英国政府が、大学などでの学び方を変えようとしている。
これまでは、大学に入って数年間学び、学位を取る形が中心だった。これからは、必要な時に短い講座や科目を学び、それを少しずつ積み上げられる仕組みを広げようとしている。
イングランドでは、新しい学生向けの学費支援制度「Lifelong Learning Entitlement(LLE)」の申請を2026年9月に始める予定だ。対象となるのは、2027年1月以降に始まる一定のコースや科目である。
9月7日時点の政府案内では「9月に開始」となっており、まだ始まったことは確認できない。具体的な開始日も発表されていない。
大きく変わるのは、大学の学位を取るコースだけでなく、認められた短い科目にも学費のローンを使えることだ。
対象には、大学や専門教育の一定の資格、一部の大学院レベルのコース、政府が認めた技術教育の科目、政府が人材を必要としている分野の科目などが含まれる。
短い科目は、原則として30単位以上となる。修了すると、何を学び、どのような成績だったかを示す記録も受け取れる。
ただし、最初からすべての科目が対象になるわけではない。政府は対象を少しずつ広げていく方針だ。
新しく利用する人が借りられる授業料ローンの上限は3万9,160ポンドだ。2026〜27年度の年間上限9,790ポンドの4年分にあたる。
このお金は、一つの大学で全部使う必要はない。複数のコースや短い科目に分けて使うこともできる。1年間にローンを使って学べるのは、合計180単位までだ。
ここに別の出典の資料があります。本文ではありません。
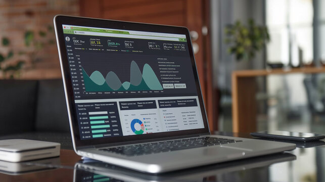 Collaborating over data visualization at bright office desk with laptop and printed reports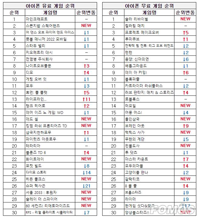 ■ 아이폰 게임 순위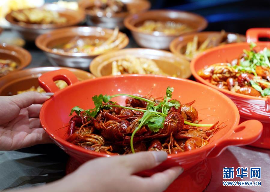 7月3日在上海豫園小吃城內(nèi)拍攝的小龍蝦菜肴。從7月第一個(gè)周末起,上海豫園原有的“豫園六點(diǎn)半”集市全面升級,煥彩燈光、演藝活動(dòng)和花車集市全線更新,讓市民和游客在觀燈、觀人、觀演的沉浸式體驗(yàn)中,享受夏日特色的“食玩”樂趣。新華社記者 劉穎 攝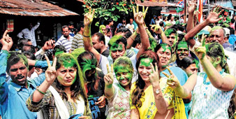 পুরভোটে জয়ের পরে তৃণমূল কর্মী-সমর্থকদের উল্লাস জলপাইগুড়িতে। ছবি: সন্দীপ পাল।

対象となるコースを通学して受講する場合には、生活費のローンも利用できる。条件によっては、障害、子育て、移動にかかる費用への支援もある。
ただし、これはもらえるお金ではない。借りるお金だ。
返済は原則として学び終わった後に始まる。税金を引く前の年収が2万5,000ポンドを超えると、その超えた分の9%を返していく。
授業料ローンを利用するには、受講開始時に60歳未満であることが原則だ。
また、以前に国の学生向けローンを使ったことがある人は、その分だけ新たに借りられる金額が減る。
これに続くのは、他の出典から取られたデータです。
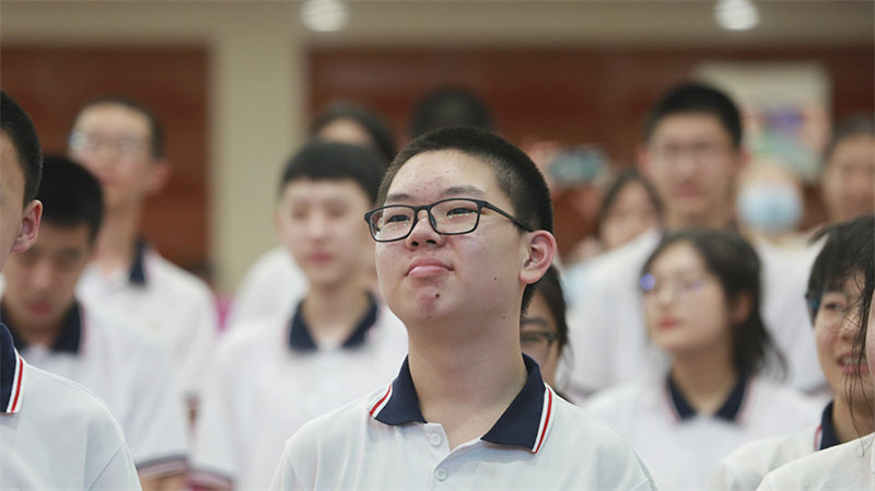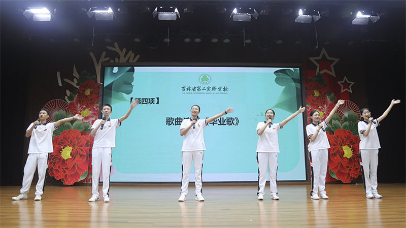 “感谢你给我的光荣,我要对你深深地鞠躬,因为付出的努力有人能懂。感谢你给我的光荣,这个少年曾经多普通,是你让我把梦做到最巅峰。”多少清晨日暮,前行中总有老师们的陪伴;因为被关注,被肯定,被呵护,所以省二少年充满光彩。全体毕业生面向师长,用歌声感恩师长,感恩母校!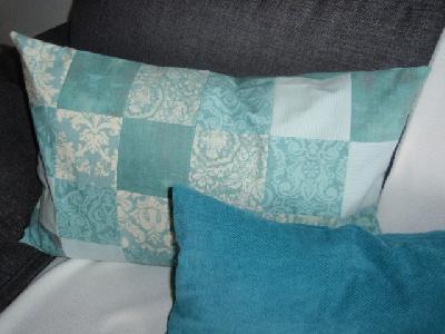 Das vordere hab ich bei einem Möbelladen M...M... für 2,99 inkl. Füllung gekauft, das große hinten 40 x 60 ist aus div. hellen mintgrünen Stoffen mit beige - also Winterfarben.

たとえば、すでに3年間の大学で支援を受けた人の場合、政府の例では残りの利用枠は9,790ポンドとなる。
一方で、医療、教員養成、社会福祉など、政府が特に人材を必要としている分野では、通常の利用枠を使い切った後でも追加で借りられる場合がある。
英国教育省は2026年5月、この短い科目を提供できる最初の大学やカレッジ130校を発表した。
学べる分野には、コンピューター、工学、建築、保健、社会福祉などがある。
ただし、この制度を使った人が実際にどれだけ学び終えられるのか、その後の就職や収入の改善につながるのかは、まだ分からない。制度そのものが始まっていないからだ。
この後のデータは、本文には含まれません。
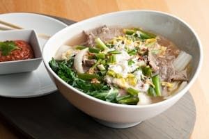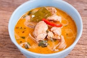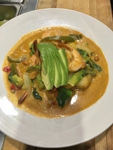 Coconut milk, bamboo shoots, mixed vegetables, basil leaves, and chili pepper. served with white rice and your choice of soup or salad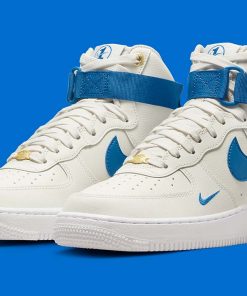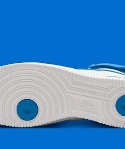 Crafted specifically in the direction of the silhouettes 40th Anniversary, has appeared with a batch of new details. While the construction stays true to the 1982 classic, this AF1 High has some thoughtful touches that you might miss the first time around. Arriving in a sail and blue colorway, this Air Force 1 High stamps the heel with a 40 surrounded by stars ?? a nod to the outsole traction of the shoe. Miniature checks sit at the forefoot in its traditional seat, while a golden eyelet appears at the very top of the collar. Inside, the insignia of the shoes prime architect Bruce Kilgore is embroidered onto the inner side, while the 82-22 mark sits at the insole.

学費を借りられることと、その学びが本人の次の仕事や生活に合っていることは別の問題だ。
長く続けてきた仕事を終えた人や、家族の介護などの役割を終えた人にとって、いきなり数年間の大学へ進むのではなく、まず短い学びから試せることには意味がある。
ただし、大切なのは「何を学ぶか」だけではない。
これからどのような仕事や役割を担いたいのか。そのために本当にこの学びが必要なのか。借りたお金を返してまで学ぶ価値があるのか。学び終えた後の仕事や社会との関わりにどうつながるのか。
そこまで考えて選ぶ必要がある。
なお、LLEはイングランドの制度であり、日本に住んでいる人がそのまま利用できる制度ではない。